US 11,887,581 B2
	Automatic audio playback of displayed textual content
Rachel Ilan Simpson, London (GB); Benedict Davies, London (GB); and Guillaume Boniface-Chang, London (GB)
Assigned to GOOGLE LLC, Mountain View, CA (US)
Appl. No. 17/052,046
Filed by Google LLC, Mountain View, CA (US); Rachel Ilan Simpson, London (GB); Benedict Davies, London (GB); and Guillaume Boniface-Chang, London (GB)
PCT Filed Nov. 14, 2019, PCT No. PCT/US2019/061401 § 371(c)(1), (2) Date Oct. 30, 2020, PCT Pub. No. WO2021/096507, PCT Pub. Date May 20, 2021.
Prior Publication US 2023/0094174 A1, Mar. 30, 2023
Int. Cl. G06F 3/04883 (2022.01); G10L 13/08 (2013.01); G06F 3/0485 (2022.01); G10L 13/02 (2013.01)

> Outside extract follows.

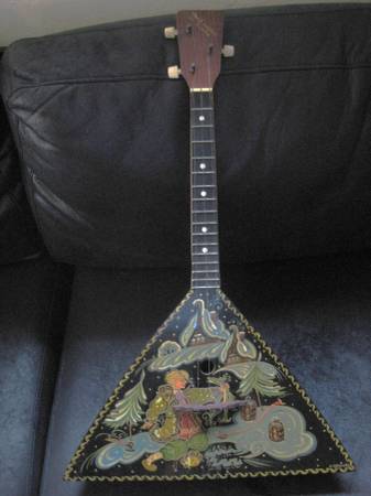 Antique 3-String Balalaika Russian Guitar Door pickup This is hand painted from Russia. It is in very good condition for it's age. Some surface wear but not bad at all. It's nearly 27 inches long....

CPC G10L 13/08 (2013.01) [G06F 3/0485 (2013.01); G10L 13/02 (2013.01)]

19 Claims

1. A computer-implemented method to perform audio playback of displayed textual content, the method comprising:

obtaining, by one or more computing devices, data descriptive of one or more items of content that include a plurality of portions of textual content;

determining, by the one or more computing devices, positional data that indicates respective positions of one or more of the portions of textual content on a display associated with the one or more computing devices;

receiving, by the one or more computing devices, data indicative of a user input that modifies the respective positions of the one or more of the portions of textual content relative to the display; and

responsive to receiving the data indicative of the user input:

determining, by the one or more computing devices, updated positional data that indicates respective updated positions of the one or more of the portions of textual content;

identifying, by the one or more computing devices and based at least in part on the updated positional data, that a first portion of textual content is positioned within a playback area of the display; and

causing, by the one or more computing devices, playback of an audio signal that includes speech of at least a portion of the first portion of textual content, wherein the speech of at least a portion of the first portion of textual content is determined at least in part using a trained machine learned model.